Given the size of the company (Comcast) I only received one call back throughout my dealings with them. Comcast Cable Modem Problem I received much better results locating our nearest local office and going there and talking to someone in person. The local office is where the technicians are scheduled and where they decide who's problems are going to be addressed on any given day.


----------



## johnwill (Sep 26, 2002)

My experience with Comcast is that if you ever manage to get the ear of someone remotely technically competent, they will usually solve the problem. Once I found a guy that actually understood what I was talking about on problems, the rest was easy. :smile:


----------



## barefootjeremy (Oct 4, 2005)

*update*

sorry, I have so many diff. forum sites, I forgot about this one. It didnt email me that anyone posted! I'll be checking here 1st from now on!

I dont know anything about cable, but I do try and use logic. Anyways...



> My take is get the standard, stand alone modem the cable company recommends and then build from there.


I want to try this one, but comcast guys shrug thier shoulders at getting another modem besides the smc do-it-all.



> try going to a comcast office nearby


I shouldnt have to resort to this, but will if I have to as last resort. 
-Maybe they could pay me for coming out to fix my problem. :grin: 



> I'd be curious what they say about the errors you're getting.

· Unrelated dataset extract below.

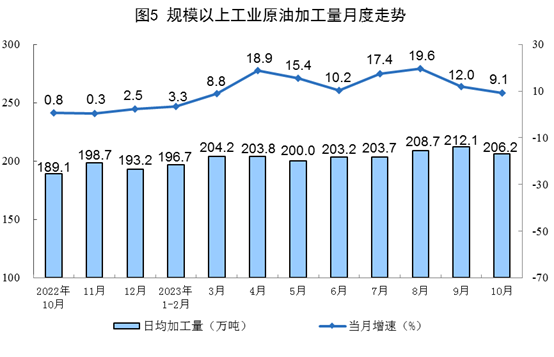 原油加工保持穩(wěn)定增長(zhǎng)。10月份,加工原油6393萬噸,同比增長(zhǎng)9.1%,增速比9月份放緩2.9個(gè)百分點(diǎn),日均加工原油206.2萬噸。1—10月份,加工原油61876萬噸,同比增長(zhǎng)11.2%。

The answer is NOTHING! Literally, they wait there with nothing to say when I ask them if there is someone who can tell me what the modem error log or T3 timeout means.

So its now 5 weeks and ive been gone a lot, but my company has taken the following actions (only because comcast is our only option!): 

We changed our account status thru billing dept. to 'commercial'. Apparently we were under 'business'/residential. That has stopped the insane transfers and we at least get to the right department! 

Comcast sent out 2 guys who didnt know anything, called their managers, and I told them to check their end because we've spent countless hours (trust me) eliminating our end(one computer + one modem + one cable line = downtime).

Ive still yet to find out IF any poles, lines, boxes, whatever were checked and promised serveral calls back by 3 different managers and 5 different tech support from different 'tier levels'. Never got a call and still wondering if they are gonna check their end of things.

All the hours we've spent is ridiculous. I shouldnt have to hurt my brain fixing this problem. I dont know cable! They should! They should have the answers instead of me telling them what to try. Its sad. But we have to use them for internet!!!!! :sayno: 

It will be a contest to see which comcast worker can fix the problem. Ill keep you posted.


you guys sound like experts...any of you live in LA? :wink:


----------



## barefootjeremy (Oct 4, 2005)

comcast sending out two 'normal' modems tommorrow...


----------



## johnwill (Sep 26, 2002)

That will certainly simplify the issues involved. :smile:


----------



## barefootjeremy (Oct 4, 2005)

*unsolved mysteries*

I guess we'll never find out why because we are getting dsl.

Apparently, after speaking to several managers at verizon and insisting that everyone else can get dsl in our area, they realized we are in range, they just couldnt trace our phone lines because they were t1!

So we are adding a line and getting dsl to hopefully cure our internet woes. Im ready for fresh tech support blood anyways. thanks all for your support.


----------